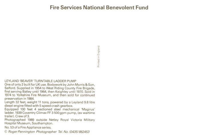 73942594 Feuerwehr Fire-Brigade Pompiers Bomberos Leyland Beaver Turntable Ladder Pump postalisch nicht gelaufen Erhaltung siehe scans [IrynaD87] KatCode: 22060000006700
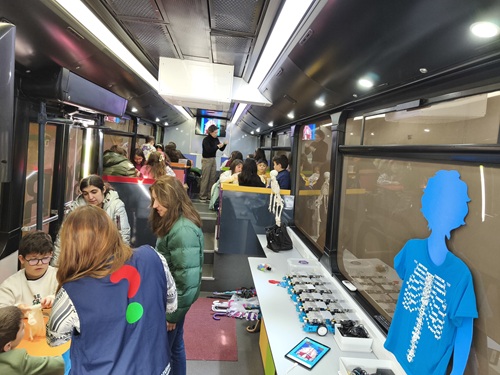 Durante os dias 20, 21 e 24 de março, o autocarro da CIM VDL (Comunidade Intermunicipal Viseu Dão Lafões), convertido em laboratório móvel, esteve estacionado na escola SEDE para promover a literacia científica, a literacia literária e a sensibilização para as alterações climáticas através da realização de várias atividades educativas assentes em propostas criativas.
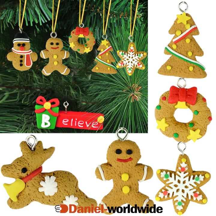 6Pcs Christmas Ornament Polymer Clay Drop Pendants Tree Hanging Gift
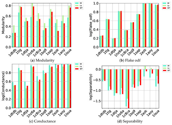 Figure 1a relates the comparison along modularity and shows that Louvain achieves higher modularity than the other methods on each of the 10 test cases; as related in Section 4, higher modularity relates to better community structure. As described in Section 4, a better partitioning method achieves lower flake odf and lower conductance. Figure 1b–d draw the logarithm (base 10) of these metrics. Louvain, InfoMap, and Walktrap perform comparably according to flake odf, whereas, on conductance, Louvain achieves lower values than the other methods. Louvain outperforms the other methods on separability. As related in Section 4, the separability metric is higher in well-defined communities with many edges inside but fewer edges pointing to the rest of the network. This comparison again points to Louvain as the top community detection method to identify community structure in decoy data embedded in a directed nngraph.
* * *
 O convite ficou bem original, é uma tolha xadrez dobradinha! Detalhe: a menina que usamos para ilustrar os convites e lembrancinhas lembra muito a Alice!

# The task
All that should appear in the answer is the lines above from the line with "6Pcs Christmas Ornament" through the line with "Figure 1a relates", retyped exactly, pictures left out.

# Response box
 6Pcs Christmas Ornament Polymer Clay Drop Pendants Tree Hanging Gift
 Figure 1a relates the comparison along modularity and shows that Louvain achieves higher modularity than the other methods on each of the 10 test cases; as related in Section 4, higher modularity relates to better community structure. As described in Section 4, a better partitioning method achieves lower flake odf and lower conductance. Figure 1b–d draw the logarithm (base 10) of these metrics. Louvain, InfoMap, and Walktrap perform comparably according to flake odf, whereas, on conductance, Louvain achieves lower values than the other methods. Louvain outperforms the other methods on separability. As related in Section 4, the separability metric is higher in well-defined communities with many edges inside but fewer edges pointing to the rest of the network. This comparison again points to Louvain as the top community detection method to identify community structure in decoy data embedded in a directed nngraph.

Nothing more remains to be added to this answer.